During the installation, you’ll be prompted to answer a few questions. The first of those questions asks you which web server you’re using – if you’ve been with us since the beginning of this guide, you are running Apache2.

The next question, just hit yes – this will configure PHPMyAdmin so that it’s usable.

The next two screens will ask you for passwords, the first is the MySQL root password that you found in the motd.tail folder (as above) and the second is the password that you would like to use to login to PHPMyAdmin.

That should be it, the installation is complete. All you need to do now is make a few Apache configuration amendments.

  1. Locate the file /etc/apache2/apache.conf
  2. Add the line ‘include /etc/phpmyadmin/apache.conf‘ to the bottom of the file
  3. From the terminal run: ‘sudo service apache2 restart‘ to restart the Apache server with your new configuration.

You should now be able to navigate to – why not go ahead and log in.

Install, update and remove packages

If you’re looking to manage your Ubuntu servers effectively, you’ll probably want to install some management software (such as Ajenti). You can do this through the Ubuntu package management system.

The package management system is a derivative of that used in Debian Linux, whereby each package will contain all of the required files, data and instructions to deploy a new piece of software to your system.

The process to install and upgrade software will vary, depending on what you’re trying to install, however the commands available to you through the Ubuntu terminal are always the same and are outlined below.


The first command is dpkg – this particular package can help you to install or remove software from your Ubuntu OS, however, it will not automatically download and install dependencies that your software many have (for example WordPress is dependent on MySQL).

This tool is therefore best used for those packages that are local to your machine.


The apt- get command works with Ubuntu’s Advanced Packaging Tool (APT) to help install and upgrade packages. You can add packages to your sources list (/etc/apt/sources.list).

Whenever you run an apt-get command, it makes a log of what you did. This can be found under /var/log/dpkg.log.


Install, remove and upgrade commands can be carried out with single-key commands through a menu driven interface (making life a little bit simpler for those of us that dislike the terminal).

To open aptitude just type ‘sudo aptitude’ into the terminal. You can exit aptitude by typing ‘q’ into the terminal.

Network configuration

Ubuntu is a very versatile distribution of the Linux operating system, as such you have a lot of flexibility over your network configuration. This is an area of the operating system that you can’t just pick up and understand, even with a guide like this, you’ll probably want to test your changes on a development / test environment before hitting a live site with your new skills.

I’ll keep this section light as most of the network configuration is handled by cloud hosts through a visual interface.


You can have several Ethernet interfaces configured on your server, these are identified by the naming convention ethX (x is replaced with a numeric value to help identify your connection (starting with eth0)).

Changes made using the ethtool are temporary and will be wiped on reboot.
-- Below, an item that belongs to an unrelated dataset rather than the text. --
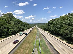 Following this interchange, the freeway becomes six lanes, with three in each direction as it continues into more wooded areas and reaching an exit with access to US 46 and US 202/CR 511. In this area, the highway runs to the west of the Boonton Reservoir and immediately to the east of US 202/CR 511.[2][3] I-287 comes to the Intervale Road exit, which carries US 202 and CR 511. The freeway enters Boonton, where it turns northeast, with NJ Transit's Montclair-Boonton Line located a short distance to the northwest.[2] In Boonton, there is another interchange with US 202/CR 511. From here, I-287 curves more to the east, with US 202 running immediately to the north of the road.[2][3] Along this stretch, there is an exit for US 202 and Vreeland Avenue.[2] Upon entering Montville, the passes near wooded residential areas before coming to another interchange with US 202. I-287 continues northeast from this point, drawing away from US 202, crossing under NJ Transit's Montclair-Boonton Line before running north-northeast through more woodland as the terrain starts to get more mountainous. This stretch of I-287 continues for six miles (9.7 km) before its next exit.[2][3] The freeway runs through Kinnelon, where the northbound direction has four lanes, and Pequannock Township before entering Riverdale. In Riverdale, there is an interchange with Route 23. A short distance later, I-287 reaches the CR 694 interchange which provides access to CR 511 Alternate (CR 511 Alt.).[2]

If you’d like to retain your changes, you can add the command you ran in ethtool (as a pre-up statement) to the ethernet interface configuration file, which can be found here: /etc/network/interfaces.

An example pre-up statement (taken from the official Ubuntu documentation) is shown below. This statement will permanently configure port speed to 1,000 mb/s running on full duplex mode.

pre-up /sbin/ethtool -s eth0 speed 1000 duplex full

IP Addresses

If you’re using a cloud service such as AWS or Digital Ocean, then the likelihood is that they will cover this section for you. My instances are always created with public and private IP addresses already assigned and configured, so I’ll assume that yours are too!

Remote Administration

The first, and most useful bit of configuration you can do is around remote administration. I mean, you can’t be sitting next to your sever all the time – imagine if it goes down at 3am! I know I would much rather get up and sit in my pyjamas at home than jump in the car and drive to my data centre.

That being said, we need to ensure that we have secure methods of administering our servers remotely.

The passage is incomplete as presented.